Wordpress Duplicate Content Prevention with robots.txt
To prevent the Wordpress Duplicate Content in Google that may arise when you use any versions of Wordpress, here is the typical content of the robots.txt file:
User-agent: *
Disallow: /comments/feed/
Disallow: /feed/
Disallow: /feed/atom/
Disallow: /feed/rss/
Disallow: /rss/
Disallow: /trackback/
Disallow: /wp/
Disallow: /*/comments/feed/$
Disallow: /*/feed/$
Disallow: /*/feed/atom/$
Disallow: /*/feed/rss/$
Disallow: /*/rss/$
Disallow: /*/trackback/$
The above code is based on the following assumptions:
- The WordPress address (URL) is in the form http://www.yoursite.com/wp
- The robots.txt file is located at http://www.yoursite.com/robots.txt
- The above robots.txt file content is to be used with the AdFlex Wordpress theme








Hey VK,
Another question. I’ve added the lines in my robots.txt since some days but I haven’t seen any changes yet?
How long does it take to be effective?
Do I need to add other things somewhere else?
Mike
Hi Mike,
It’s taken into account by Google and other SE during their next web spider visit.
Now if you have already current items in your SERPs that you want to remove, you’ll have to use the URL remove tool as given by Google, Yahoo and MSN.
As I suppose you’re interested mainly by Google as it’s currently the only search engine that may give you some duplicate content if similar items are in your SERPs.
For Google, you need to use the Google URL Remover tool (also referred as Google Automatic URL Removal System). It’s located at URL: http://services.google.com/urlconsole/controller
This Google tool is not as robust as other Google tools you may know but it does the job in most of the case. It happens it’s down time to time. It’s also not as secure as other Google tools as the Google’s Remove URL tool is accessible with HTTP and not HTTPS.
The process is simple:
1) After you’ve added the content to exclude in your robots.txt file, connect to the URL:
http://services.google.com/urlconsole/controller
2) There, just create an account to use the tool. You’ll get an e-mail that you’ll need to confirm.
3) After confirming the e-mail for the account creation, just connect to the Google URL Remover service.
4) Select the option “Remove pages, subdirectories or images using a robots.txt file.”
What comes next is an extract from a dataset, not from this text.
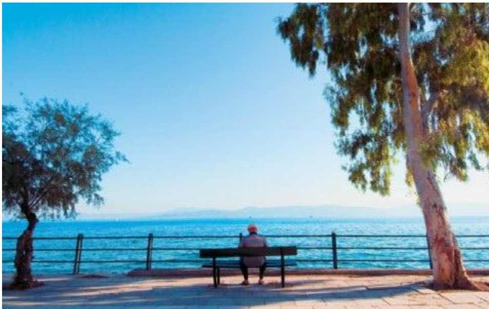
Αγναντεύοντας τη θάλασσα.

Και μετά τα αξιοθέατα και τις βόλτες στην παραλία με τα καφέ, τα ζαχαροπλαστεία και τις ταβέρνες, έρχεται η στιγμή να «καταναλώσεις» το πιο ποθητό «προϊόν» της πόλης: το ιαματικό νερό της. Τα Λουτρά Αιδηψού διαθέτουν περισσότερες από 80 ιαματικές πηγές: το νερό τους κυμαίνεται από 28 έως 86 βαθμούς Κελσίου. Θα το απολαύσετε στην αμμώδη παραλία όπου χύνονται δεκάδες ιαματικές πηγές, ή σε ατομικούς λουτήρες και σε πισίνες, σε ιδιωτικά υδροθεραπευτήρια της πόλης ή στο θεραπευτήριο του ΕΟΤ. Είναι μια μοναδική εμπειρία. Το στρες αφανίζεται, οι πόνοι ξεθυμαίνουν, το μυαλό ηρεμεί. Είναι η αίσθηση προσωρινής ευτυχίας που έτσι κι αλλιώς προσφέρει η επαφή με το νερό - που στην περίπτωση αυτή είναι και «θαυματουργό».

5) In the field “URL to your robots.txt”, type the URL to your robots.txt. For instance: http://www.yoursite.com/robots.txt
6) Click on the button “Remove Pages”
In about 2 days, you can check your SERPs by check if Google has already done the URL removal request by doing a Google site command. The Google site command means you do a Google search for the following string:
site:www.yoursite.com
Of course, you have to replace www.yoursite.com by your site name but don’t put http:// there.
You’ll see that the bad, not nice, crappy URLs that were in your SERPs will be removed and you’ll get a much nicer SERPs when doing the Google site command.
Now some notes:
a) - Be really sure to put the right content in the robots.txt file because when performing using the Google Automatic URL Removal System, the URLs to be removed will be removed out of Google index for 6 months!
b) - As said previously the Google Automatic URL Removal System at URL http://services.google.com/urlconsole/controller is often down. If it’s the case, you can also use the other URL http://services.google.com:8882/urlconsole/controller that is more often up.
The second URL version use port 8882 and it means you may not be able to access it when behind a company firewell that blogs such non-standard port number.
Of course a direct connection to Internet will work fine most of the time.
Hope it helps.
Cheers,
VK
How big is the problem with duplicate content in wordpress. I’ve never seen any huge problems with it.
Its really not so much a problem as it is just holding back your site from geting higher rankings, more targeted visitors, and less supplementals..
Check this new updated version:
http://www.askapache.com/seo/updated-robotstxt-for-wordpress.html
[…] prevent the Wordpress Duplicate Content in Google that may arise when you use any versions of Wordpress, here is the typical content of the […]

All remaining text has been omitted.